Comment on page



Substreams is a powerful indexing technology, which allows you to:
  1. 1.
    Extract data from several blockchains (Ethereum, Polygon, BNB, Solana...).
  2. 2.
    Apply custom transformations to the data.
  3. 3.
    Send the data to a place of your choice (for example, a Postgres database or a file).


Firehose is the extraction layer of Substreams (i.e. step number one of the previous glossary entry). Although Firehose is a different project, it is tightly related to Substreams.

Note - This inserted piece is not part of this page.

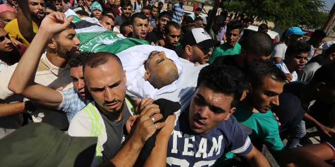 أما السيدة (أم رائد) عمّة الشهيد فقالت لـ”المركز الفلسطيني للإعلام”، إن فعاليات مسيرة العودة سلمية، لكن جنود الاحتلال يستغلون اقتراب الشبان من السلك الفاصل ويصوّبون الرصاص المتفجّر نحو أجسادهم.
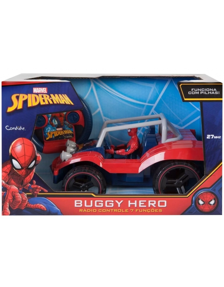 O Peter Parker está em uma grande aventura! E você poderá ajudá-lo com o veículo rádio controlado Buggy Hero do Homem-Aranha! Um carrinho de controle remoto com 7 funções que pode ser pilotado para todas as direções e um design arrojado! E ele ainda vêm com o Homem-Aranha dirigindo esse incrível veículo! As brincadeiras vão ficar muito mais radicais com o veículo Action & Speed!

CLI, which stands for command-line interface, is a text-based interface that allows you to input commands to interact with a computer. The Substreams CLI allows you to deploy and manage your Substreams.


Modules are small pieces of Rust code running in a WebAssembly (WASM) virtual machine. Modules have one or more inputs and an output. For example, a module could receive an Ethereum block as input and emit a list of transfers for that block as output.
There are two types of modules: map and store.

map Module

map modules receive an input and emit an output (i.e. they perform a transformation).

store Module

store modules write to key-value stores and are stateful. They are useful in combination with map modules to keep track of past data.

Directed Acyclic Graph (DAG)

DAGs are data structures used in many computational models. In Substreams, DAGs are used to define module data flows.
A DAG is a one-direction, acyclic graph. They are used in a variety of software, such as Git or IPFS.


Modules make Substreams really composable. Being composable means that Substreams can be independent, but they can also work together to create powerful streams.
For example, consider that you have two map modules: one emitting Transfer objects and another one emitting AccountInformation objects. You could create another module that receives the previous two modules as input and merges the information from both.
That is why Substreams is so powerful!

Protocol Buffers (Protobuf)

Protocol Buffers is a serializing format used to define module inputs and outputs in Substreams. For example, a manifest might define a module called map_tranfers with an input object, Transfer (representing an Ethereum transaction), and an output object MyTransfer (representing a reduced version of an Ethereum transaction).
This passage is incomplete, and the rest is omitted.